AuthorGuilford, William Harold.
Committee ChairGore, Robert W.
MetadataShow full item record
PublisherThe University of Arizona.
RightsCopyright © is held by the author. Digital access to this material is made possible by the University Libraries, University of Arizona. Further transmission, reproduction or presentation (such as public display or performance) of protected items is prohibited except with permission of the author.

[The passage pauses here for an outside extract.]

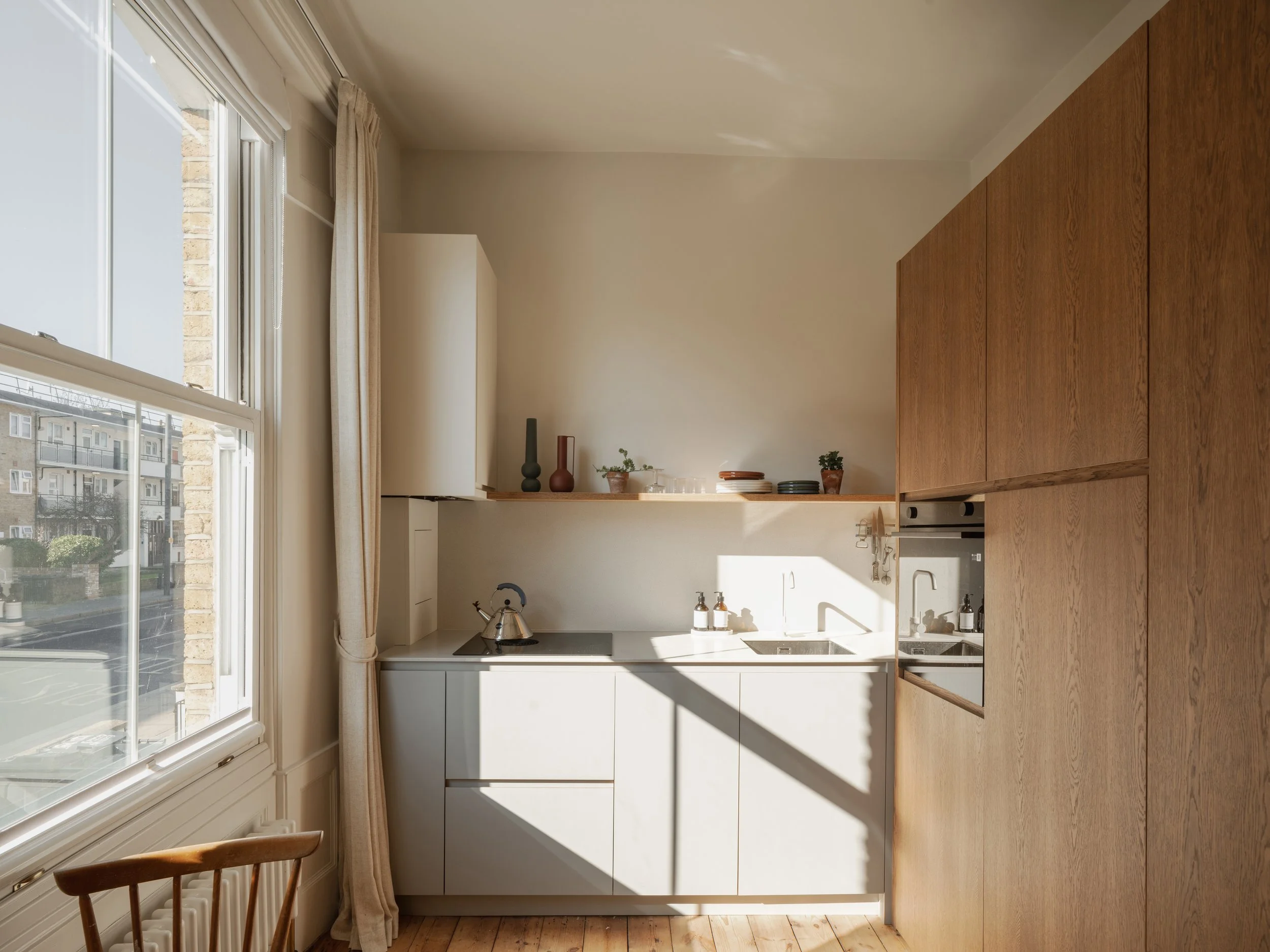 This two-bedroom apartment in Hackney has been reimagined with a focus on material warmth, seamless functionality, and understated elegance. The bespoke joinery—including a built-in bed, wardrobe, and shelving—maximizes space while maintaining a clean, refined aesthetic. The kitchen, now part of an open-plan living, dining, and home office area, is designed as a subtle yet highly functional backdrop to daily life.

AbstractArterioles are embedded in the extensive connective tissue matrix of the interstitium. Mechanical interactions with the interstitium may affect the length-tension characteristics of arterioles, and thus affect their reactivity. However, no studies have adequately characterized the coupling between arterioles and the interstitium or investigated how the interstitium might change the physiological expression of arterioles. Therefore, the goal of this project was to directly characterize the physical connections between arterioles and the interstitium, both mechanically and morphologically, and then to predict the physiological consequences of these interactions for the arteriole. We measured in situ the mechanical coupling of arterioles to the interstitium, the mechanical properties of the interstitium, and the structure of the interstitium in the hamster cheek pouch. This allowed us to develop a comprehensive model of the mechanical interactions between arterioles and the surrounding connective tissue based on measurements made at the scale of a single arteriole. We demonstrated that there is mechanical coupling between arterioles and the interstitium that is mediated both through direct connections and through the movement of extracellular fluid through the connective tissue network. We also found that the stiffness of the interstitium increases near the arteriole, but does not depend on the direction of measurement. Finally, both the mechanical coupling of arterioles to the interstitium, and the mechanical properties of the interstitium, are explained by the structure of the connective tissue matrix. The arteriole is connected to adjacent fibroblasts and fibrocytes by collagen fibrils. These cells are in turn connected to the fiber matrix of the interstitium. Furthermore, the presence of these cells may explain the heterogeneity in stiffness of the interstitium. We propose a model of interactions between arterioles and the interstitium in which the physiological role of the interstitium is to protect arterioles from stretching and deformation of the tissue while allowing arterioles to freely constrict. The interstitium may also decrease the apparent compliance of the arteriolar wall and limit slightly the constriction of the arteriole. Thus, the in vivo connective tissue environment of arterioles both alters and protects the ability of arterioles to respond to physiological stimuli.